2. State-space — UnobservedComponents + Fourier exog
UnobservedComponents with a local-linear-trend level component, stochastic level and slope, and three pairs of annual Fourier harmonics passed as exogenous regressors. The Kalman filter delivers the prediction intervals.
3. ML challenger — gradient-boosted regressor with exogenous covariates
GradientBoostingRegressor(n_estimators=400, max_depth=3, learning_rate=0.05) on engineered features:
- Calendar:
dow,month,doy_sin,doy_cos - Lags of
lake_level: 1, 2, 7, 14, 30 days - Rolling means (shifted by 1 to avoid leakage): 7-day, 30-day
- Exogenous covariates:
turbine_dischargeandtotal_outflow, lag-1 and 7-day rolling means
This is the lever that drops RMSE from ~18 cm (SARIMA, lake-level alone) to 7 cm (GBM, with discharge as exog). The structural relationship "tomorrow's lake level = today's level + (inflow − outflow)" is something the GBM can learn directly when given outflow data; SARIMA, working only on the lake-level history, has to infer it.
Results
30-day held-out test, RMSE in metres, MAPE on lake-level (which is bounded near 478 m, so MAPE values are tiny):
| Model | MAPE | RMSE (m) | 95% PI coverage |
|---|---|---|---|
| GBM (with exog: discharge, outflow) | 0.013% | 0.07 | — |
| SARIMA(1,1,1)(1,1,1)7 | 0.027% | 0.18 | 100% |
| UC + Fourier annual exog | 0.046% | 0.24 | 90% |
| Naive-last | 0.085% | 0.50 | — |
| Naive-seasonal (365-day lag) | 0.39% | 1.90 | — |
Trade-offs
- The GBM's headline number depends on having outflow data in real time. If discharge metering is delayed or missing (a real risk on a transboundary reservoir), the GBM degrades to the same family of accuracy as SARIMA. The structural models hold up regardless.
- The 2019–2020 drought regime is in the training data. The model has seen one full drought-recovery cycle, not multiple. A second drought of equal severity wouldn't be unprecedented from a training-distribution perspective, but a more severe one would extrapolate.
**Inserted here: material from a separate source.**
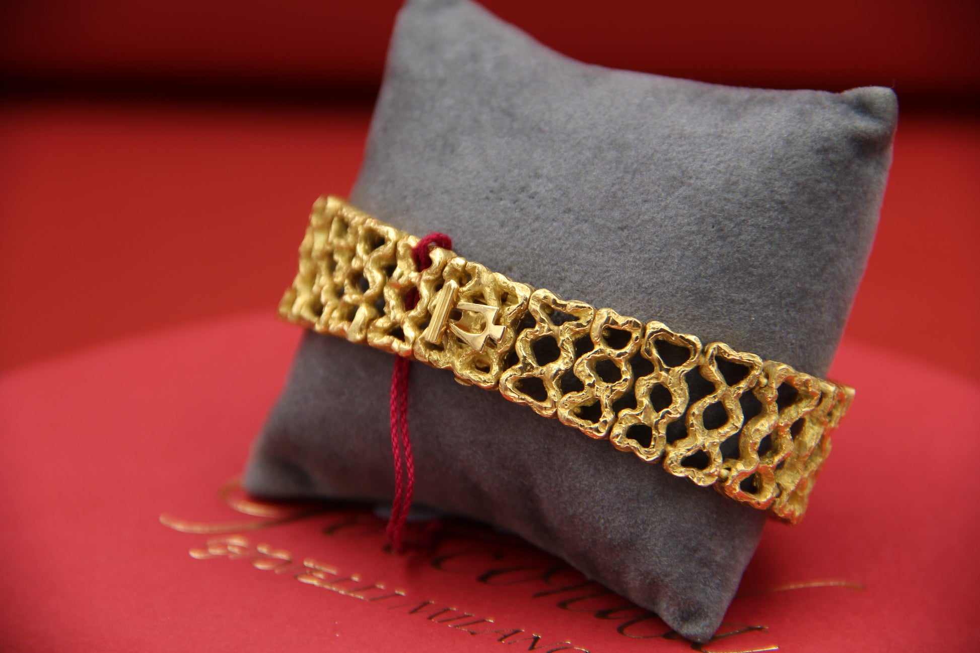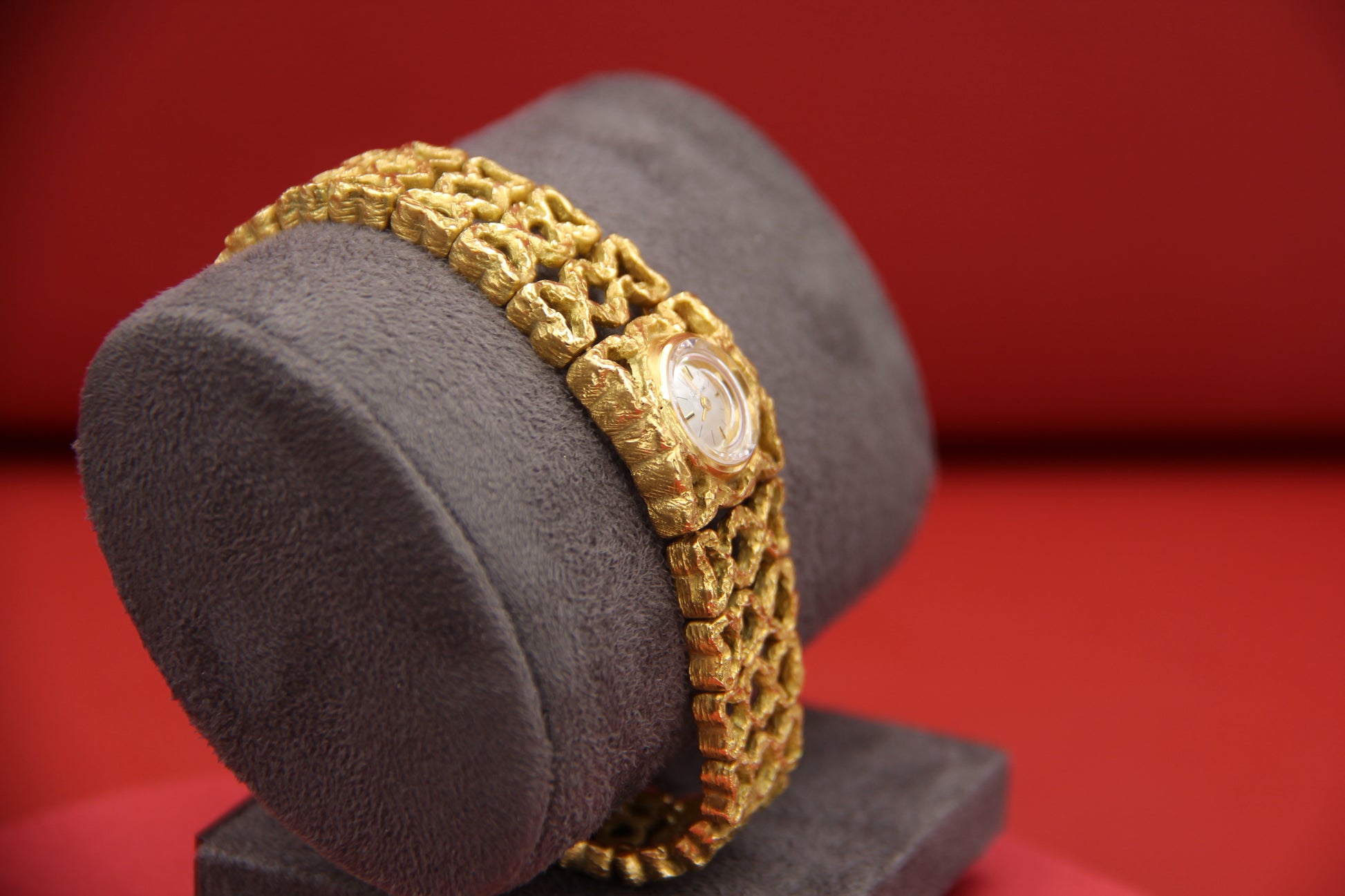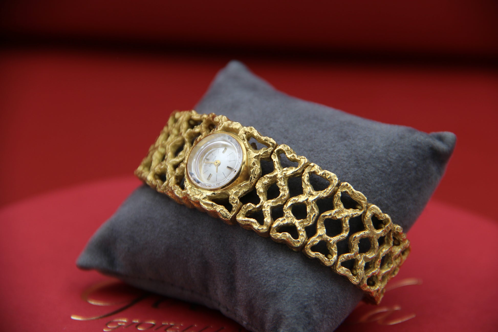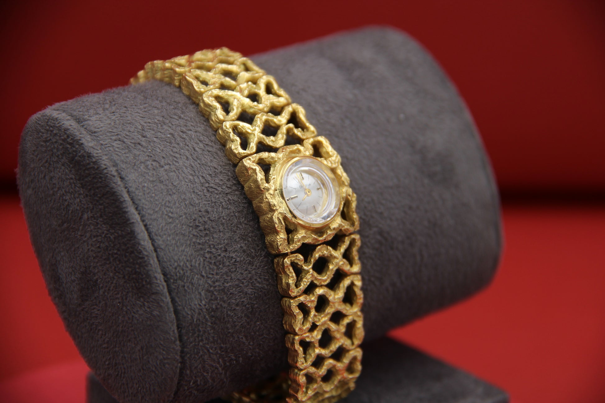 Bulova 18k yellow gold watch, 59g, manual winding, white dial. Dimensions: 16.5 x 2 cm. Period: 1950s-60s.

- Inflow forecasts are missing on purpose. Coupling rainfall / runoff forecasts (CHIRPS, NASA POWER precipitation) as additional exogenous covariates would likely tighten all three models. The intent of the case study was to compare modelling families on the same information set, not to engineer a maximum-accuracy production system.
- Interpretability. SARIMA and UC expose decomposed components (level, slope, seasonal). GBM's feature-importance is informative but not as audit-friendly for a regulated utility setting.
Deployment sketch
For the Zambezi River Authority and Kariba power-station operators:
- Service: FastAPI
GET /forecast?horizon=30dreturning daily mean lake-level (GBM ensemble) + 95% prediction interval (UC state-space) for the next month. - Companion endpoint:
/outflowfor total outflow predictions, used by downstream Cahora Bassa coordination. - Dashboard: Streamlit panel for ZRA — current level, 30-day forecast band, downside scenario (10th-percentile inflow), generation-impact estimate per scenario.
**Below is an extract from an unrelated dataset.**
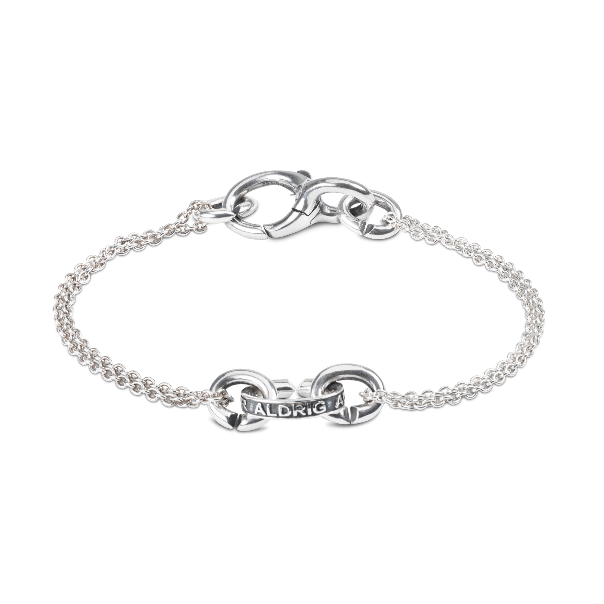 Helsematilde is a Danish blogger and true power-woman. She has created a community around her mantra 'du er aldrig alene' (eng. ‘you are never alone’) to help fight loneliness. Matilde has designed a single silver link with these words- to remind herself and others that you are never alone. The Never Alone, single silver link is now available and you can use it in your own bracelet- and earring designs.

- Retraining: weekly cron rebuilds models on the trailing 3 years.
- Alerting: PagerDuty if any quantile of the 30-day forecast crosses 475 m (turbine safety threshold). Early warning for load-shedding negotiations.
Lessons
- Exogenous covariates dominate when they exist. The 60% RMSE reduction (SARIMA → GBM) is almost entirely attributable to having turbine discharge in the feature set. Picking the right inputs beats picking the right algorithm.
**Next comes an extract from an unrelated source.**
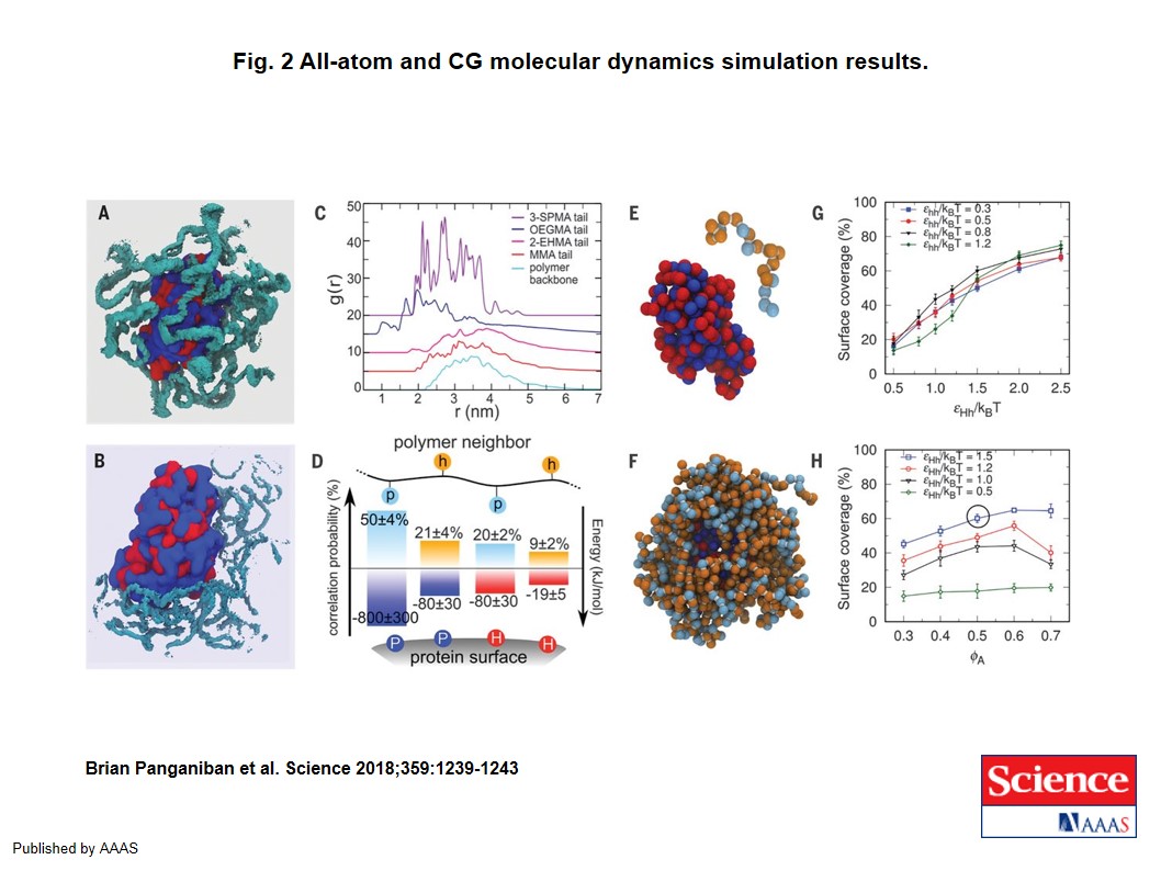 蛋白质的“工作环境”很讲究,只有在特定条件下才能折叠成特定结构并发挥作用,而在细胞外很难保持稳定。徐婷教授研究团队开发出一种新材料,能够裹住某些蛋白质,使其在细胞外环境保持活性。通过分子模拟表明,这种新型高分子材料可与多种蛋白质的表面发生作用,让有机溶液中的蛋白质能够正确折叠。

- Slow-moving, high-stakes targets need narrow PIs, not just low MAPE. A 7 cm point error is tight; but on this kind of asset, "what's the probability we breach the operational threshold in the next 30 days" is the question that actually drives decisions. SARIMA's calibrated interval is often more valuable than GBM's tighter mean.
- Real African open data is good enough. Lake Kariba is a transboundary reservoir between two African countries; the daily data exists and is publicly accessible on Kaggle. The model would extend cleanly to Cahora Bassa and other African dams once equivalent data is published.